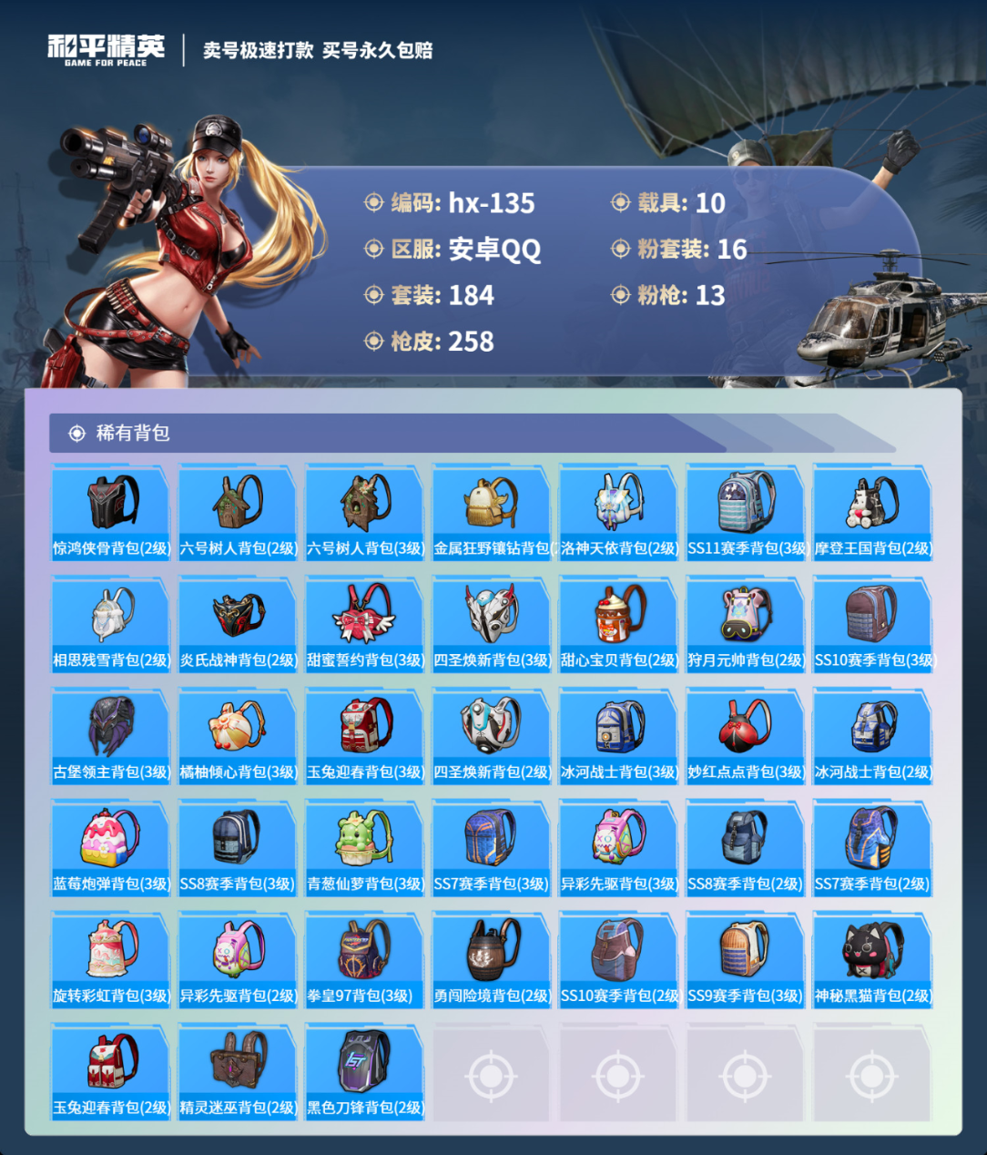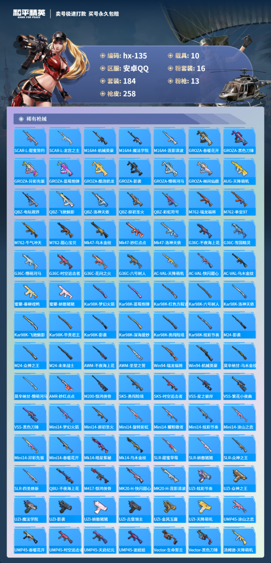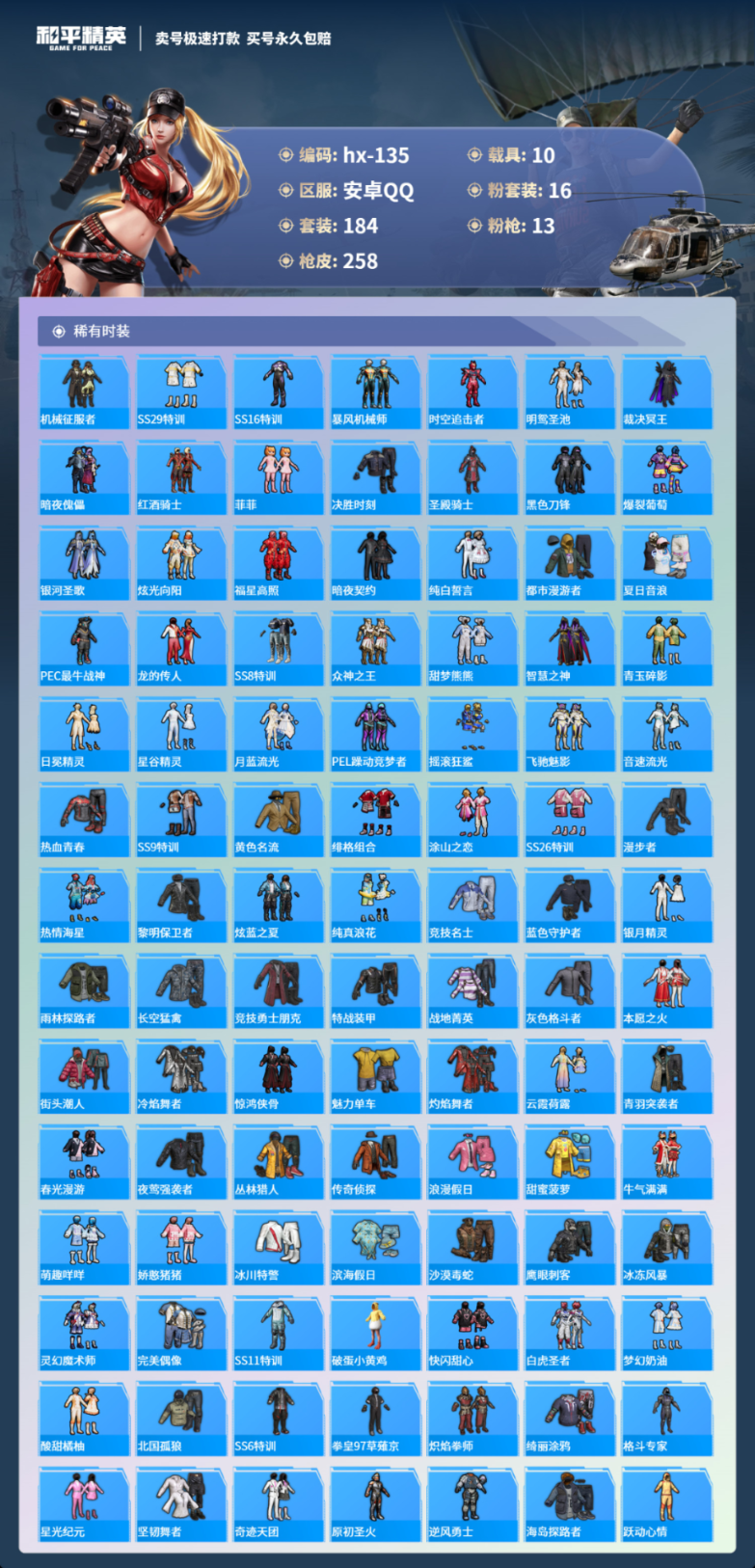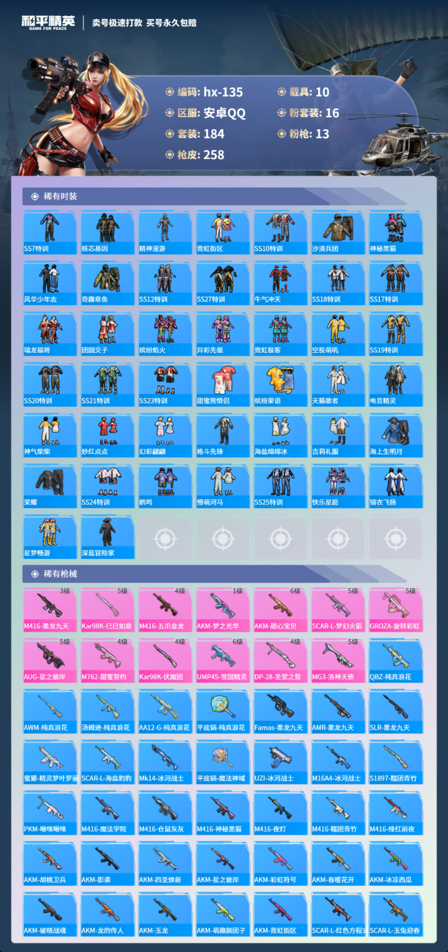 10载具184套装-258枪皮-安卓手Q-10王牌印记-16粉装-13特效枪-10载具-热力值-184套装-258枪皮-3卓越印记-1传奇印记
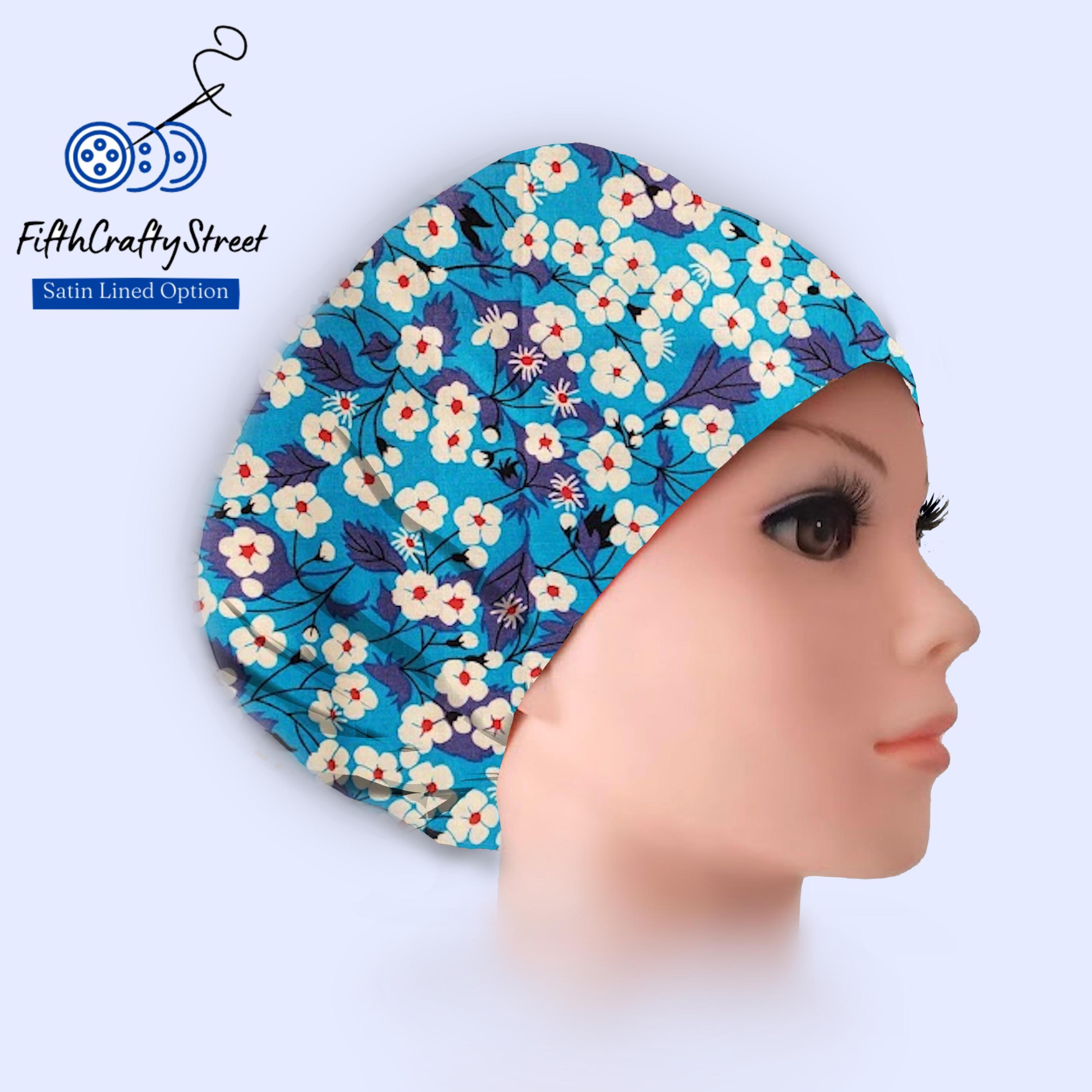Euro Scrub Caps - Adjustable - Satin Lining option - Floral Blue
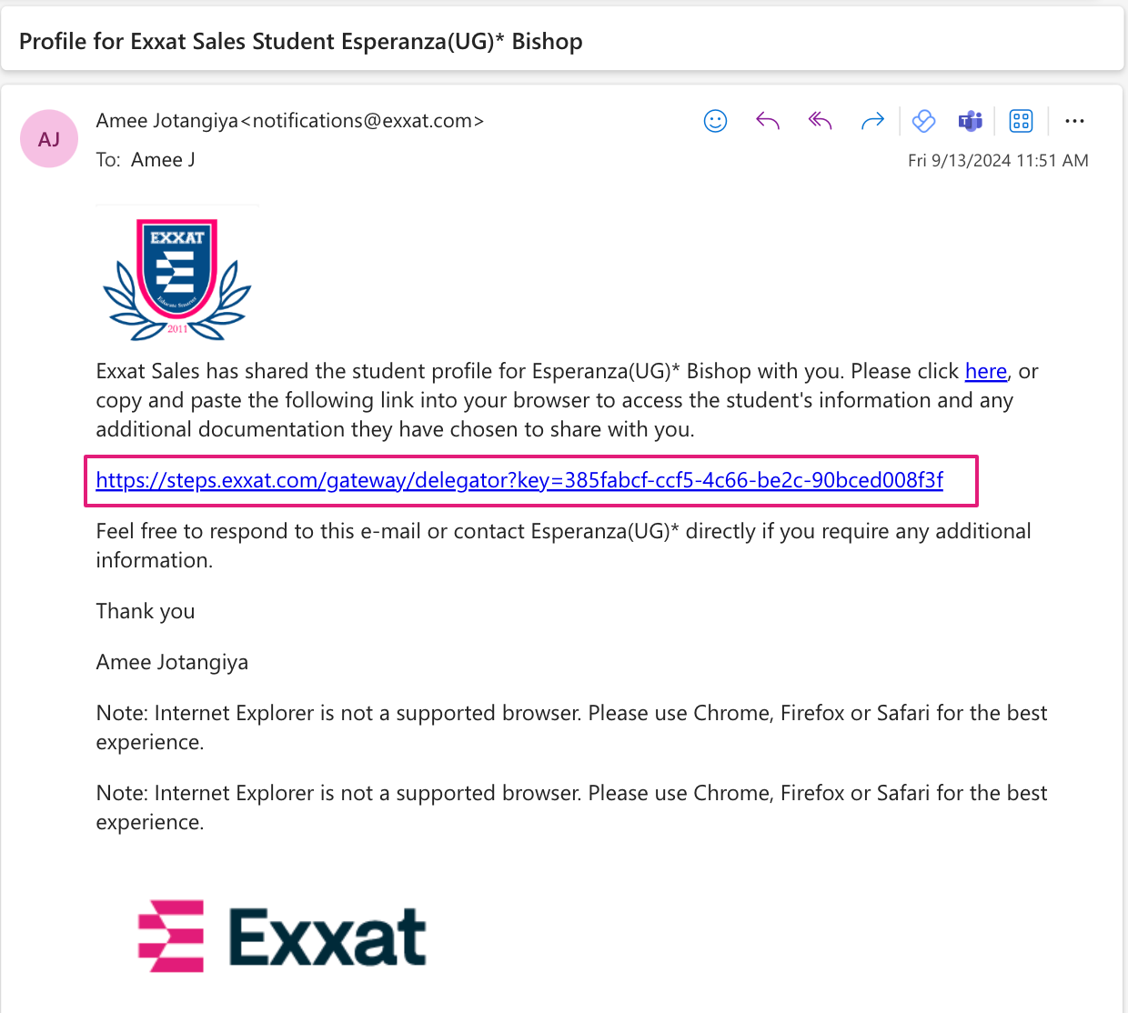 Receiving the Profile Link: You will receive an email containing a delegator link that grants access to the student profile.
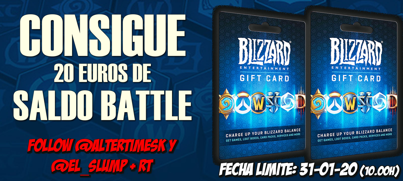 @el_slump y el equipo de AlterTime colaboran para traeros un sorteo muy especial para nosotros. Durante esta semana y hasta el día 31 de enero (10:00h), tendréis la oportunidad conseguir 20 euros/dólares de Saldo Battle.net (válido para todo el mundo).
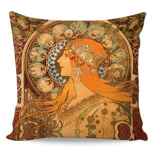 Povlak na polštářek z originální kolekce Alfons Mucha v typické kresbě a motivech v hnědých odstínech od výrobce Matějovský. Povlak je z obou stran stejný a je potištěný ekologickými barvami digitální technologií. Povlak na polštářek je vyroben ze 100% bavlny a je opatřen zapínáním na ZIP. Povlak je možné objednat samostatně bez výplně, s levnější dekorační výplní nebo luxusnější výplní na spaní.
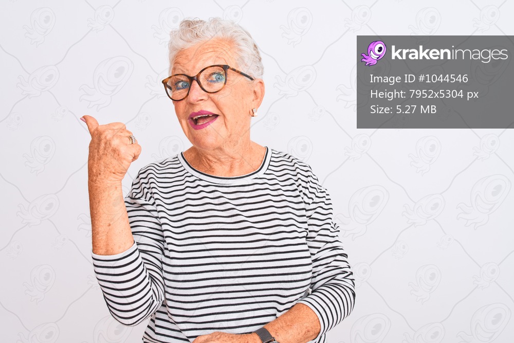 Senior grey-haired woman wearing striped navy t-shirt glasses over isolated white background smiling with happy face looking and pointing to the side with thumb up. - Kraken Images
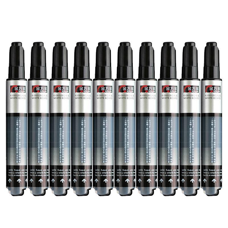 金万年(Genvana) K-0602B直液式白板笔透窗按压式大容量水性可擦白板笔补充液 10支 黑色按压式
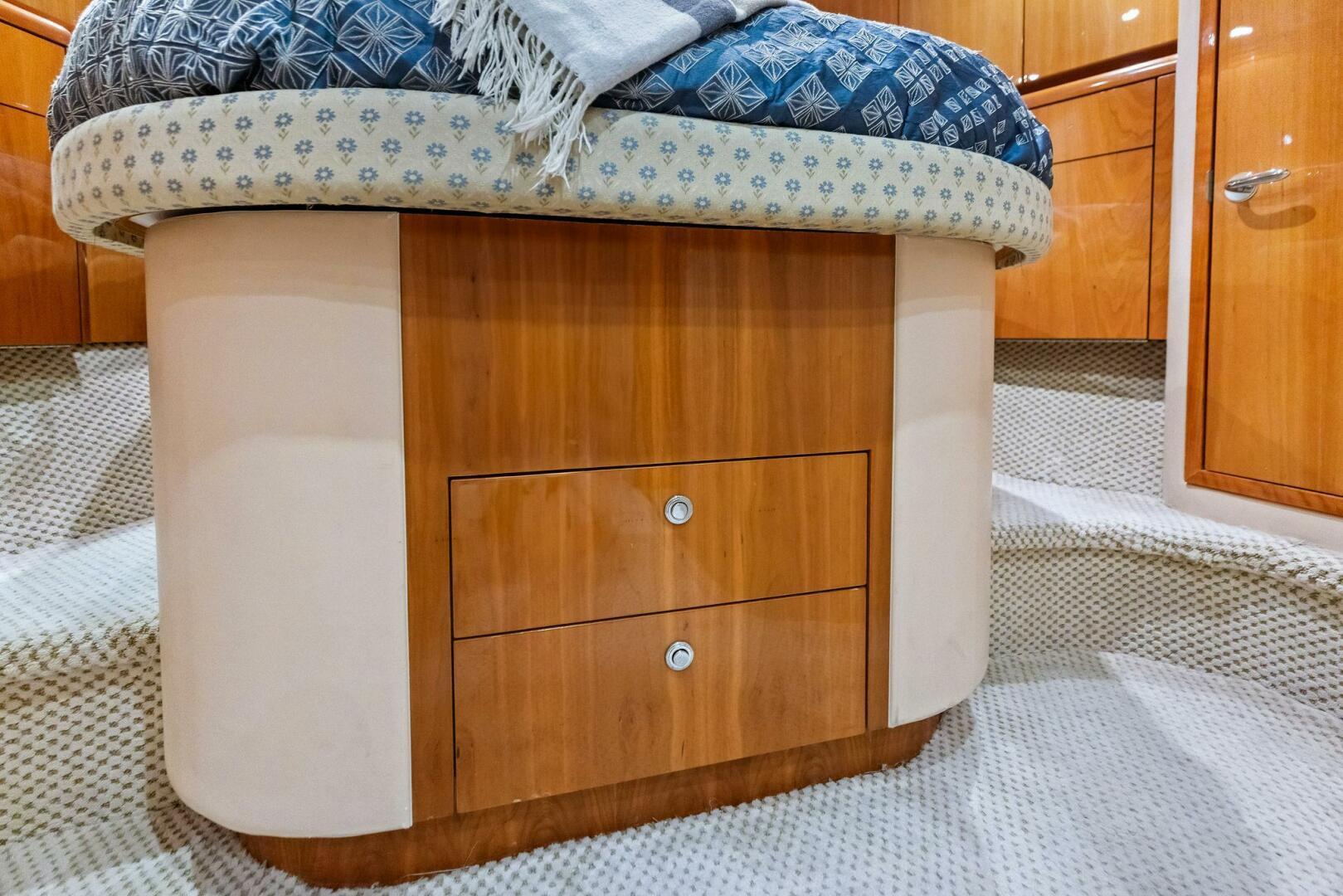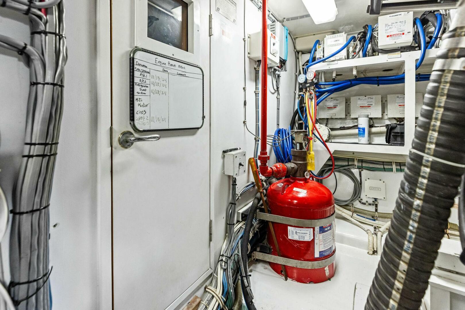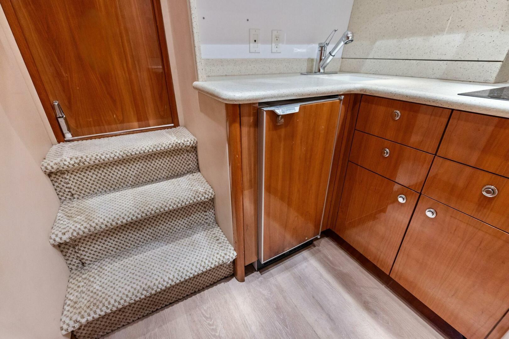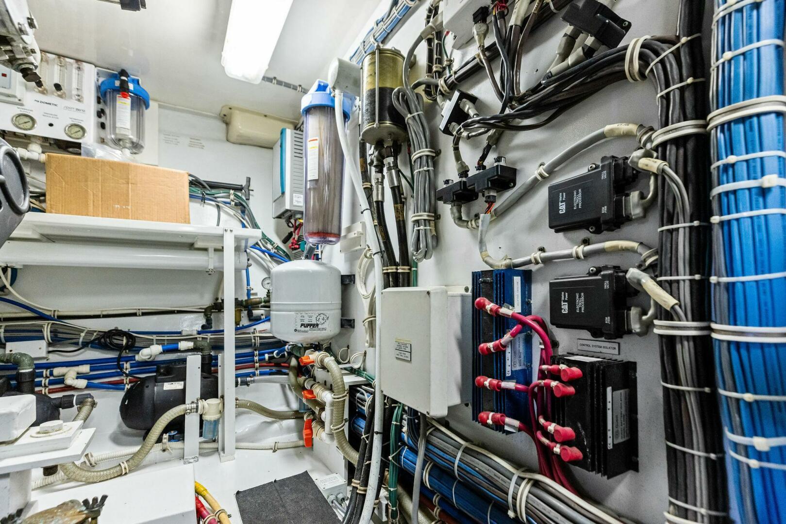 The Hatteras 68 Convertible sports a 192-square-foot cockpit that includes a mezzanine deck for superior seating and amenities. The mezzanine houses double- size bait freezer, insulated storage tubs, tackle drawers, insulated drink storage and more. The mezzanine is designed in modular fashion, which allows each owner to customize the location of various components such as freezer, ice box or optional baitwell. Below the cockpit deck is a large, open lazarette accessible through the engine room hatch. The compartment provides an excellent location for equipment and gear storage, while an aft isolation bulkhead with door allows easy inspection of steering components. The engine room contains no space-stealing air boxes on the hull sides or air-induction vents on the exterior. That's because the 68 features a forced ventilation system that draws air from beneath the cockpit coaming.

__Task brief__.
Although pictures appear among the records above, write out exactly only the lines from the one that has "Senior grey-haired woman" through the one that has "金万年(Genvana) K-0602B直液式白板笔透窗按压式大容量水性可擦白板笔补充液 10支", and leave the pictures out.

__Result of the task__.
 Senior grey-haired woman wearing striped navy t-shirt glasses over isolated white background smiling with happy face looking and pointing to the side with thumb up. - Kraken Images
 金万年(Genvana) K-0602B直液式白板笔透窗按压式大容量水性可擦白板笔补充液 10支 黑色按压式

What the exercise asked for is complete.